Importantly, organisers had already attempted to address the criticism before opening. The original name, Unholy Playhouse, was changed to Divine Playhouse, while religious references were adjusted after concerns were raised.
Apparently those concessions weren’t enough though.
“The arts have always been a place where people ask difficult questions, challenge ideas and use humour, satire and performance to reflect on the world around us,” Divine Playhouse said.
“Not every work will resonate with every person, but the freedom to make and experience art is part of what makes an open, creative and democratic society.”
And that’s the genuinely troubling part of this whole saga. People are, of course, entitled to dislike a piece of art.
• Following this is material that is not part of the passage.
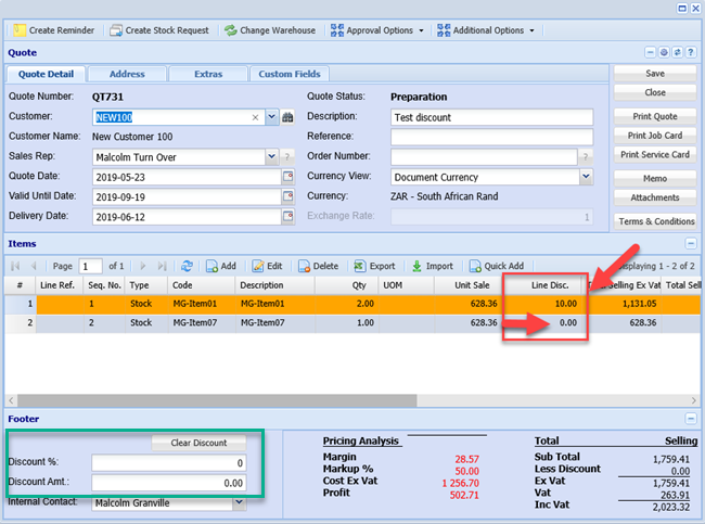 If you don't wish for a specific item to be included in the line discount you need to add a tick to No discount

They can criticise it, protest it, pray outside it or go home and watch something else.
What they should not be able to do is transform their personal offence into an effective veto over which artists are permitted to work and which communities are allowed to occupy space in Sydney.
As Night Time Industries Association vice-chair James Thorpe put it: “Offence cannot become a mechanism for eviction”.
“If it can, every artist who challenges power is vulnerable, as is every comedian who mocks a sacred cow and every queer space that refuses to make itself polite and palatable.”
FYI, the closure has wiped out far more than a few cheekily named parties.
Divine Playhouse had planned to support more than 1,500 artists, producers, technicians, promoters, performers, staff and small creative businesses across its residency, investing an estimated $650,000 into Sydney’s independent arts sector.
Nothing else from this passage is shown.